Audo I, El Shamieh S, Méjécase C, Michiels C, Demontant V, Antonio A, Condroyer C, Boyard F, Letexier M, Saraiva J-P, Blanchard S, Mohand-Saïd S, Sahel J-A, Zeitz C
Department of Genetics, Sorbonne Universités, UPMC Univ Paris 06, INSERM, CNRS, Institut de la Vision, Paris, France.
CHNO des Quinze-Vingts, DHU Sight Restore, INSERM-DHOS CIC1423, Paris, France.
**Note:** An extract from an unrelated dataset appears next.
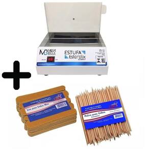 Super kit estufa + 144 mini lixas + 100 palitos manicureA estufa para manicure mega bell é um equipamento portátil esterilizador de alicates e instrumentos de aço inox, destinado ao uso doméstico.Foi desenvolvida para atingir uma temperatura de 170c e permanece nesta temperatura por todo o tempo em que estiver ligada.Capacidade: 3 a 4 alicates.Voltagem: aparelho bivolt automático 127v/240v Este aparelho é bivolt automático, pode ser ligado tanto em 110v como em 220v sem risco de queimar.Modelo: estufa compact esterelixDimensões: 150mm l x 75mm a x 200mm cPeso: 900grPotência: 50wattsTemperatura: 0/170ºcFabricante: mega bellItens inclusos no kit:01 - estufa para manicure esterelix compact mega bell.01 - pacote com 144 mini lixas 8cm santa clara.01 - pacote com 100 palitos manicure pedicure madeira laranjeira 12cm santa clara.

Clin Genet. 2017 Jul;92(1):109-111. doi: 10.1111/cge.12909. Epub 2017 Feb 6.
We report a novel ARL2BP splice site mutation after whole-exome sequencing (WES) applied to a Moroccan family including two sisters affected with autosomal recessive rod-cone dystrophy (arRCD). Subsequent analysis of 844 index cases did not reveal further pathogenic chances in ARL2BP indicating that mutations in ARL2B are a rare cause of arRCD (about 0.1%) in a large cohort of French patients.
我们报告了在对一个摩洛哥家庭进行全外显子组测序(WES)后发现的一种新的ARL2BP剪接位点突变,该家庭中有两名姐妹患有常染色体隐性视锥视杆营养不良(arRCD)。随后对844例索引病例的分析未发现ARL2BP有进一步的致病可能性,这表明在一大群法国患者中,ARL2B突变是arRCD的罕见病因(约0.1%)。